Конечно, какие-то трения возникали, но их было так мало, что это удивляет меня до сих пор. В «Общих правилах для пленных» я лично отредактировал правило номер шесть. Оно начиналось следующими словами: «Командование облегчает условия содержания, разрешая проводить время на палубе, предоставляя возможности для соблюдения личной гигиены и т. д.». Я добавил: «Мы хотим слышать дружелюбное „доброе утро“, когда командир или знакомые офицеры проходят по палубе, видеть уважение, с которым пленный освобождает дорогу, и сотрудничество, выражающееся в соблюдении чистоты на палубе и в помещениях».
«Доброе утро» оказалось последней каплей. Один из воинственно настроенных офицеров довольно резко поинтересовался, что мы имеем в виду. Должен ли он приказать людям говорить «доброе утро» и вставать при появлении немецкого офицера? Если да, можно ожидать неприятности. Я объяснил, что включил этот пункт только из-за грубости небольшой части членов команд, которые, обнаружив, что мы не такие уж звери, как они полагали, заняли открытую обструкционистскую позицию. Мы, сказал я, стараемся вести себя пристойно, насколько это позволяют реалии войны, и хотели бы, чтобы наши пленные это ценили. Что должен подумать офицер, если, войдя в какое-нибудь помещение своего же судна, ему придется пробираться через вытянутые ноги развалившихся бездельников? Объяснение показалось бойкому офицеру разумным, и больше аналогичных вопросов не возникало.
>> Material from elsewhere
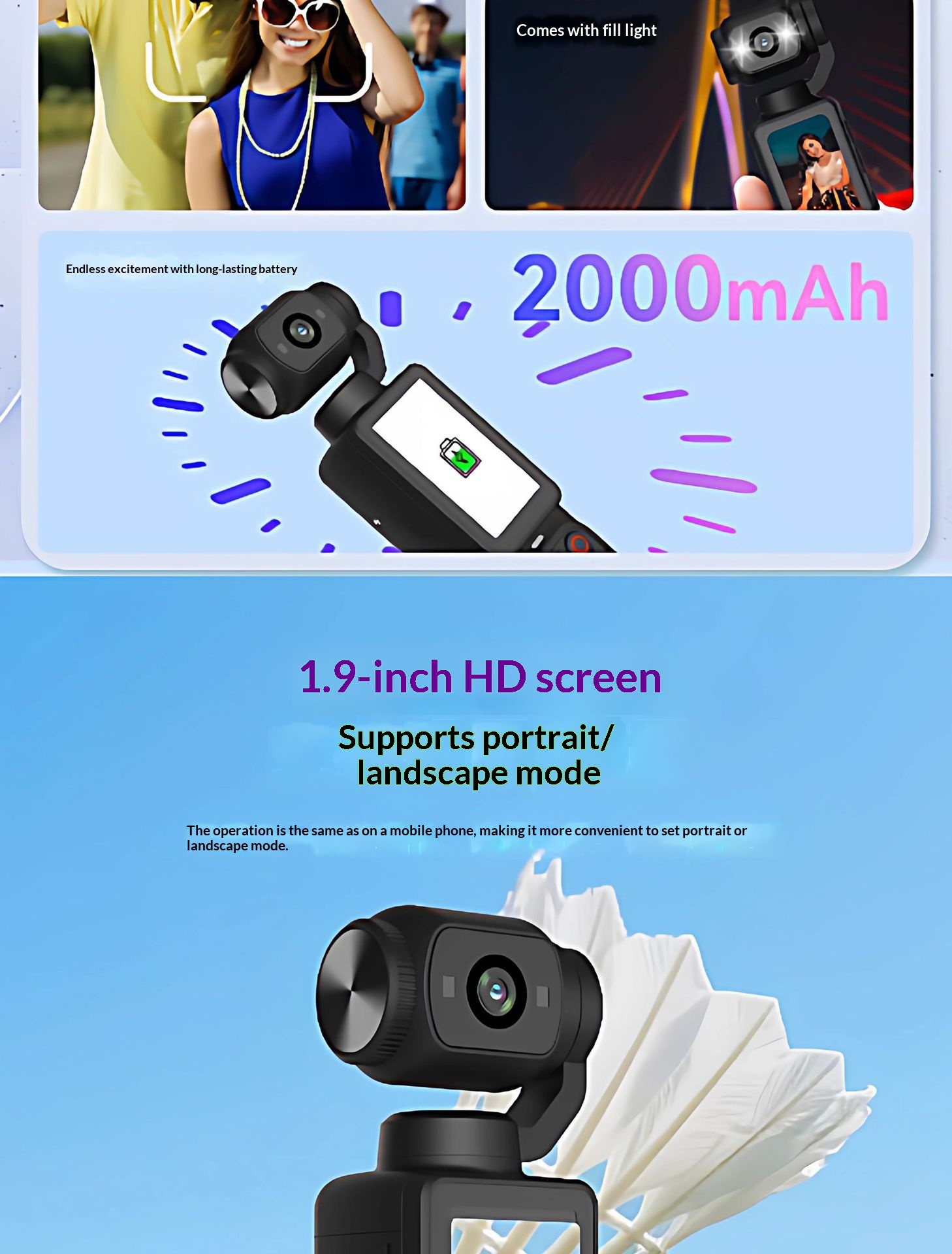 Pocket-sized HD Handheld Gimbal Ultra-clear Anti-shake Camera

Только один раз мы были вынуждены применить меры дисциплинарного воздействия к пленному, да и то по причине его дерзости по отношению к британскому офицеру. С самого начала у нас была альтернатива или унизить британских офицеров, взяв на себя полный контроль над пленными, или поддержать и укрепить их власть в пределах границ, установленных обеспечением безопасности корабля. Мы выбрали второй путь. Насколько это представлялось возможным, команды судов содержались вместе. Их офицеры передавали наши распоряжения и отвечали за их исполнение, то есть сохраняли относительную власть. По большей части команды старались держаться вместе и поближе к своим офицерам, но в любой семье не без урода, и в команде всегда находилась небольшая группа недовольных – балласт для любого корабля.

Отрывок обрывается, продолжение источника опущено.